Checking if the Hessian is the derivative of the gradient

466 Views Asked by At

Suppose $f: \Bbb R^n \to \Bbb R$. I have a code that computes the gradient of $f$. I have another code that computes the Hessian of $f$ times a vector. Now I want to check if they are correct. Specifically, I am checking of the Hessian times vector is the directional derivative of the gradient.

I have

Hessian(x).v \approx (1/h) * (grad(x+h.v) - grad(x)) where h is a scalar.

Define:

fderror:= (Hessian.v - (1/h) * ( grad(x+h.v) - grad(x))))^T (Hessian.v - (1/h) * ( grad(x+h.v) - grad(x)))).

For some reasons, as $h$ decreases, my $\text{fderror}$ increases and vice versa. And when $h$ is around 1e-10, my $\text{fderror}$ is around 1e+00.

Is it due to floating point or my Hessian-times-vector is not correct?

I would greatly appreciate your help.

1

There are 1 best solutions below

0
On

Well $1e-10$ is both small enough and large enough that it could either be rounding error, or a problem with your code. It's hard to say without further information.

  1. A good rule of thumb is to check to somewhere a bit less than the square root of machine epsilon. I like to go with $1e-6$ or $1e-7$.
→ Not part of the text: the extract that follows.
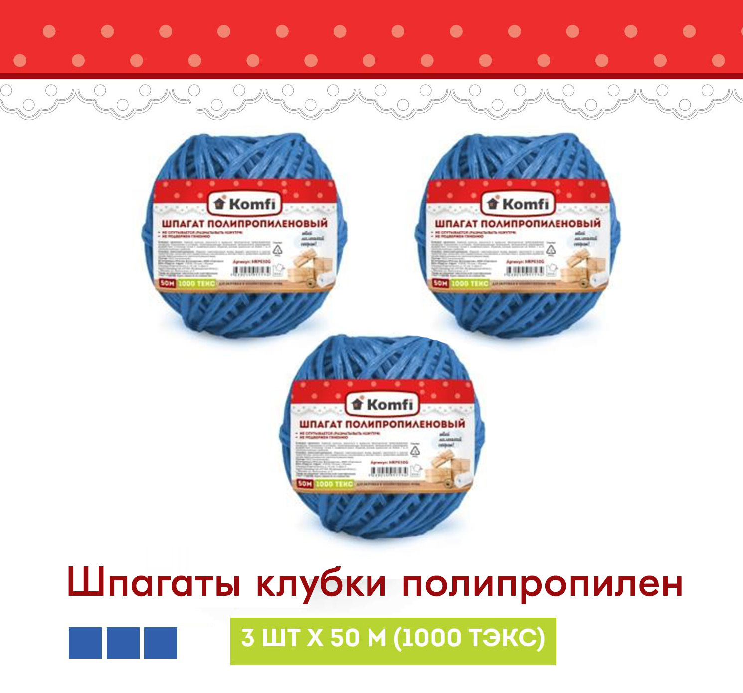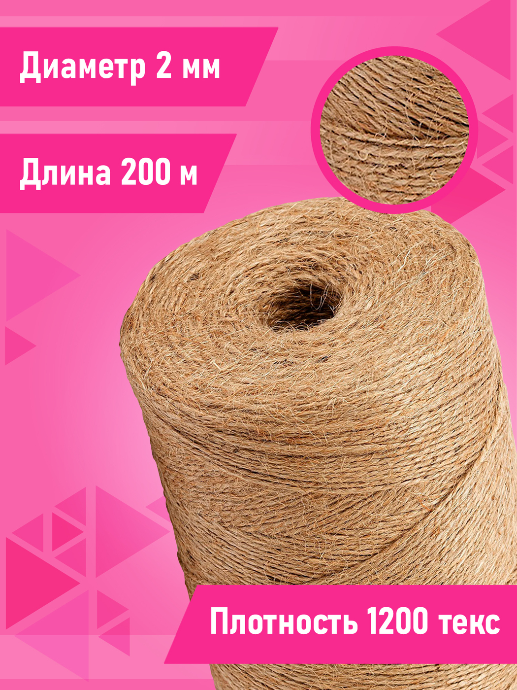 Шпагат джутовый Komfi, шпагат для рукоделия, шнур крепежный (50 м, 560 текс, бурый)

  2. Run your code with a sequence of progressively smaller finite difference sizes $h$ and make a plot of error vs. $h$ on a logarithmic scale. If everything is correct you should see a straight line going down until machine precision where it starts to get a little weird. Here is a plot of what it should look like if your code is correct: finite difference error plot

  3. It's very common to use approximations to the Hessian (eg., Gauss-Newton approximation), in which case one would expect to have error that does not go away as you make $h$ smaller.

For reference, the Matlab code to generate the above plot is,

x0 = randn;
dx = randn;
hh = 10.^(-(1:0.5:15)); 
diff = (cos(x0 + hh*dx)-cos(x0))./hh; 
true = -sin(x0)*dx; 
err = abs(true - diff); 
plot(-log(hh),log(err))